For a starter set either the PSI “Benjamins Best” or better HF set ( are pretty good. The other alternative is to go carbide and get a set of the “easy wood tools” chisels or one of their competitors (hint they aren’t the cheapest, but I’m to lazy to search more at the moment). I’ve never used the easy tools (I have one carbide crook neck from another mnf) but folks who use them seem to like them a lot. The advantage of traditional tools is that they are somewhat more flexible, but you do need to sharpen them more/a LOT (consider you’re cutting something like ~10k feet per hour with a lathe chisel, imagine if your hand plane covered that much wood). Sharpening pretty much requires a grinder (the woodcraft 8” slow speed is semi often on sale for around $100 and is perfectly good). Some of the higher end HSS tools do hold their edge slightly better, but you still have to sharpen them a lot so cheaper chisels to start with until you get your sharpening technique down are imho a smarter move so you don’‘t chew up an 1” of a $100 chisel trying to fix a grinding oops (not that I’ve done that.. but I have this friend see .. ;D)

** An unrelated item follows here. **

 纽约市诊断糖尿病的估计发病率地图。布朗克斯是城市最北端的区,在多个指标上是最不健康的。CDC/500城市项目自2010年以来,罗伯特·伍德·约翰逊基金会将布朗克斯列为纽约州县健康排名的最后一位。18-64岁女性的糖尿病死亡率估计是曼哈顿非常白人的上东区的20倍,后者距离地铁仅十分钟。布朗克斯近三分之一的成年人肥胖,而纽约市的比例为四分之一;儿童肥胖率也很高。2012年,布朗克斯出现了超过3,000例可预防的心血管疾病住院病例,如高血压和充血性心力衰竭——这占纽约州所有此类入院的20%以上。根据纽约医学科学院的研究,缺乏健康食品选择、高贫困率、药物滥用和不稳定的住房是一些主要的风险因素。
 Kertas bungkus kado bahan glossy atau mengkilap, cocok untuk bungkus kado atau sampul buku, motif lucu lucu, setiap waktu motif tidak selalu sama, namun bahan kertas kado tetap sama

For traditional starters (if you don’t get a set) I’d recommend: – 1” skew chisel – 3/4” roughing gouge – 3/8” spindle detail gouge – 1/8” parting tool – 1/2” or 5/8” bowl gouge – 1/2” round scraper, maybe a flat scraper as well

I don’t have real suggestions on the carbide, but if you go that route I think you’ll at least also want a parting tool.

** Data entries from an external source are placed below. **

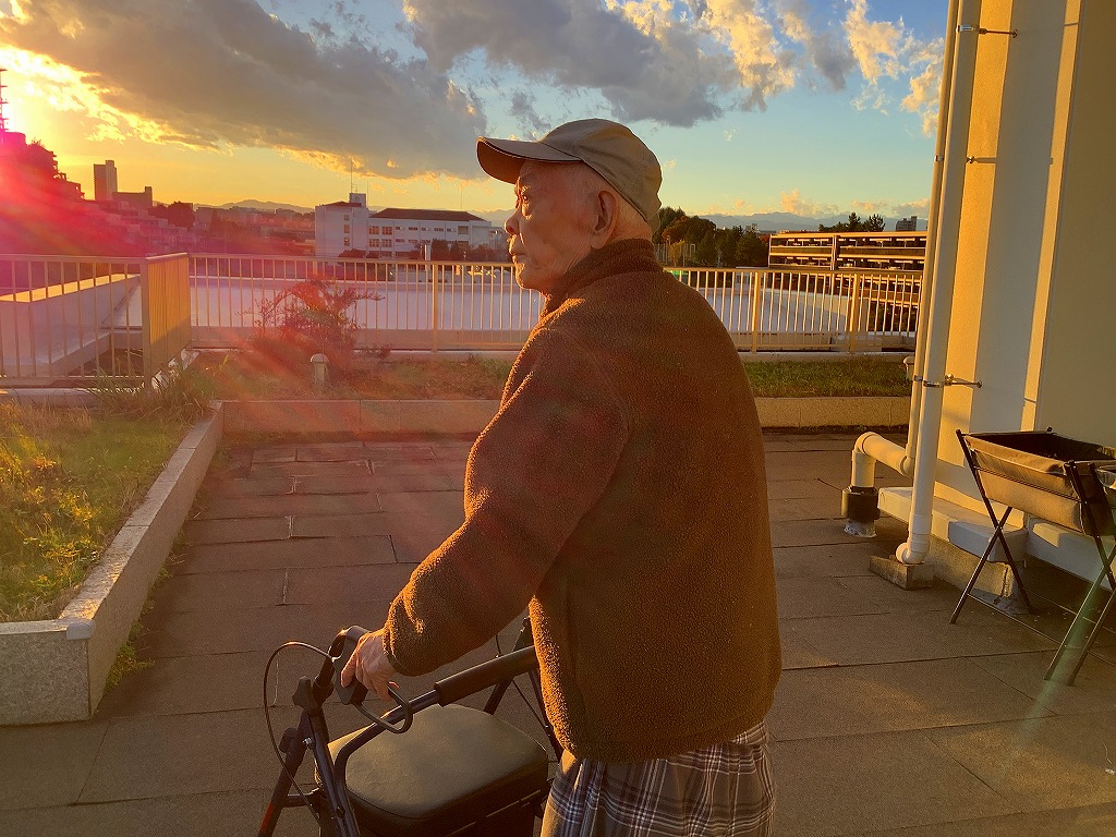 秋も深まり、空気が少し冷たく感じられる中、ご利用者様も「寒いなぁ、もう帰ろう」と笑いながらお話しされ、5分ほどで室内に戻られました。
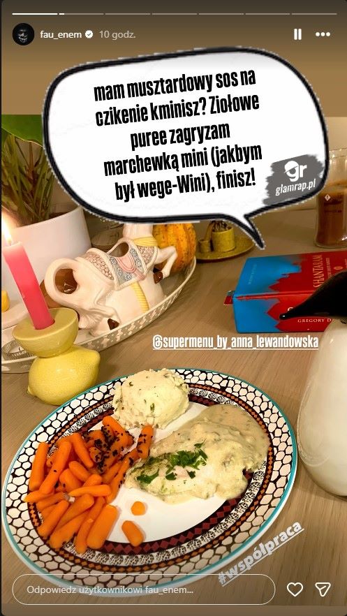 – Mam musztardowy sos na ćzikenie kminisz? Ziołowe puree zagryzam marchewką mini (jakbym był wege-Wini), finisz!
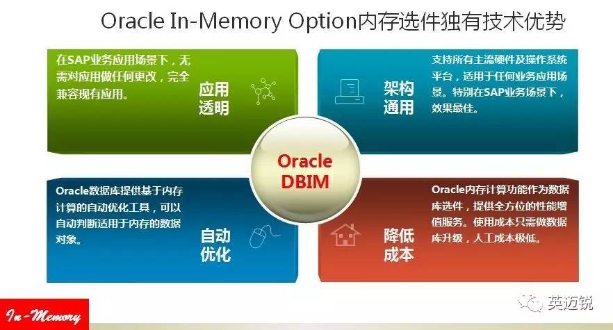 Oracle Database In-Memory可以说是一次颠覆性的创新。作为Oracle数据库的可选配件,Oracle Database In-Memory可以直接在Oracle数据库上进行升级,无需对应用进行任何修改。利用现有的硬件技术就可以获得内存计算的技术,提升分析性能。

You’ll undoubtedly want more before to long :). In case you haven’t figured this out yet the lathe is the cheapest part :D

Also PLEASE PLEASE get a face shield and wear it!!! Another turner was just killed when a piece came off of the lathe and hit him in the face!! :O The Uvex Bionics is priced competitively and works quite well.

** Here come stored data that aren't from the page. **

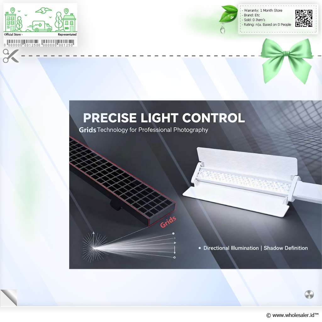 | Cahaya Lebih Terarah Lampu studio tube light ini dilengkapi dengan sayap di sisi lampu, cahaya bisa difokuskan hanya ke area tertentu, sehingga tidak menyebar berlebihan. Ini juga memudahkan pengaturan kontras dan penciptaan bayangan dramatis. |
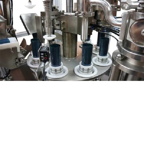 Stainless steel cosmetic packaging machine with mirror finish. Operates on 450v, consuming 2 to 4 kW (3 hp). Offers a capacity of 10 to 15 units.
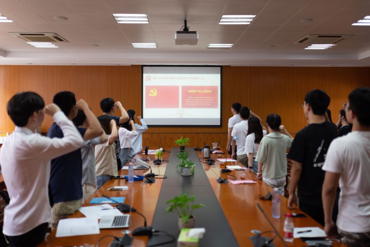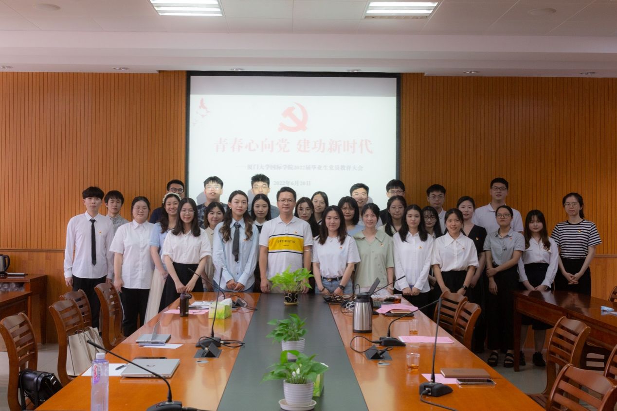 6月20日,国际学院在翔安校区坤銮楼A104召开“青春心向党,建功新时代”2022届毕业生党员教育大会。学院党委副书记陈向柳,团委书记邹文菁,辅导员吴婧、钟民栋以及2022届全体毕业生党员参加活动。

+Also if you can please do get some help/training, a local club can likely hook you up with a mentor (or if you are really lucky there is still adult education available at the local HS, but thats sadly becoming vanishingly rare). There are a few major no-no’s that can cause serious and permanent injury very very fast (do not use a spindle gouge on bowls or any other wood where end grain is rotating into the tool, instant and vicious catch; always start with the tool on the rest; and … more).